WriterCon II Report
Jul. 31st, 2006 09:12 am20 July 2006 (day before)
The trip started out with some minor bobbles. I had tried to call my son in the central part of the state on Wednesday, to let him know I’d be arriving the next day so we could prepare to go to WriterCon on Friday. However, I got no answer, and I was literally taking the highway exit into the city where he lives before his mother called me back: she had worked a long night shift, turned off the ringer on the phone so she could sleep undisturbed, and then forgotten it was off.
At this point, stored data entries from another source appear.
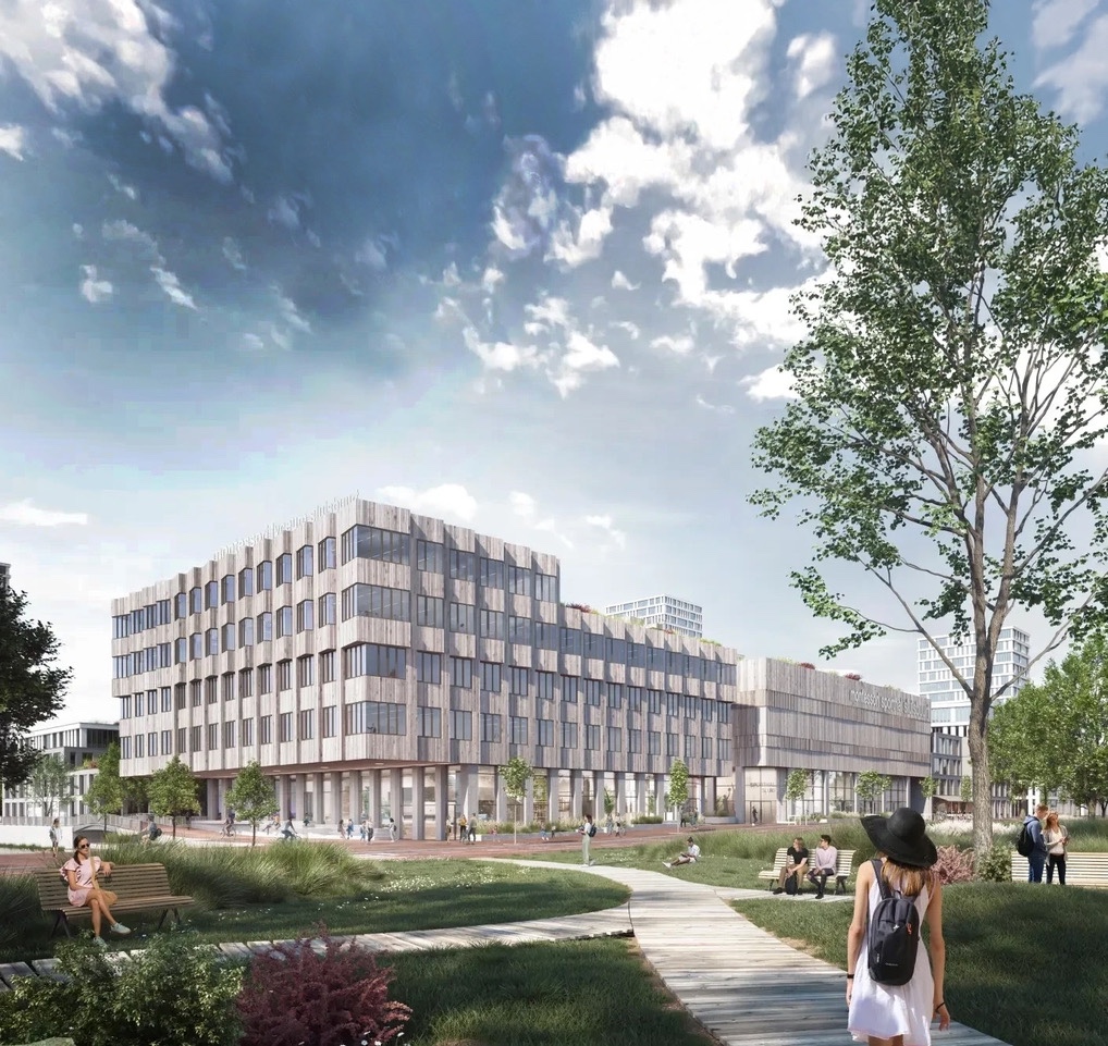 PAX | Verwachte oplevering begin 2027 Plek de Sluisbuurt, Zeeburgereiland Van binnen De Architekten Cie ontwierp het gebouw op basis van het onderwijsconcept: ruime lokalen, waarbinnen vakoverstijgend gewerkt kan worden en flexibele werkpleinen waar leerlingen leren en samenwerken Highlights het kunstcluster met technieklokaal, de geluidsstudio’s, de bètaverdieping en de pleintjes op het dak Bijzonder de veranda om de school heen dient als prettige overgangszone tussen de minisamenleving in het gebouw en de echte wereld daarbuiten Niveaus mavo/havo/vwo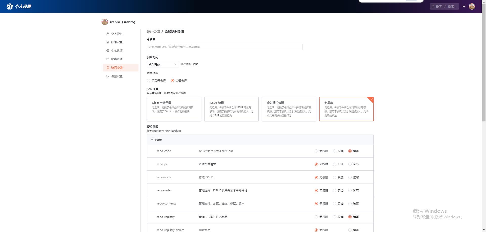 1. Gitea 生成令牌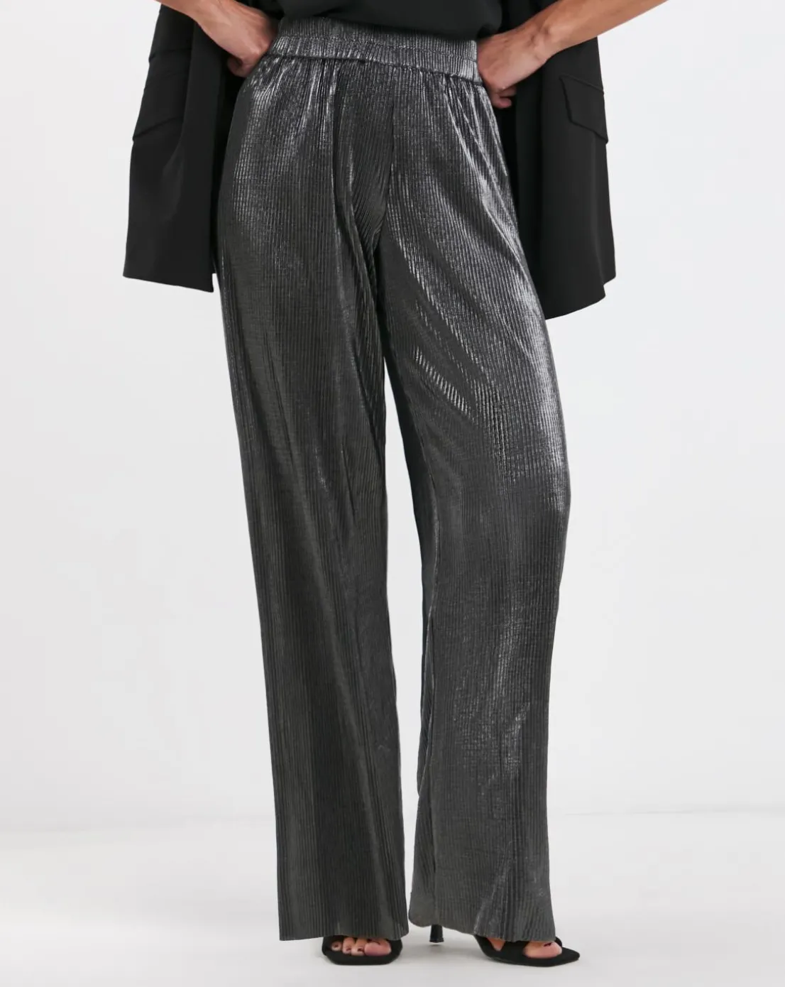Be the first to review “Silver Metallic Plisse Wide Leg Trousers” Cancel reply

My son was registered at WriterCon as David-T, so that’s what I’ll call him here. My plan was that we get everything ready Thursday, get up at 4:00 Friday morning, and be on the road by 5:00. While I was checking some last-minute things at the WriterCon site, however, I discovered that I had misunderstood the schedule: the first events began at 10:00 AM Friday instead of 5:00 PM, so we needed to get going almost immediately. I made this discovery about 9:00 PM Thursday evening; by 9:45, we were on the Interstate, headed for Georgia.
Friday 21 July 2006 (Day One)
David-T is specifically excluded from my insurance coverage (he had a couple of minor accidents with my car while I was in Afghanistan), so I did all the driving. Every hundred miles I drank a Red Bull, to keep me going. Somewhere in Alabama, we parked at a truck stop for me to try and sleep for awhile, but I dozed for only an hour and then we were going again.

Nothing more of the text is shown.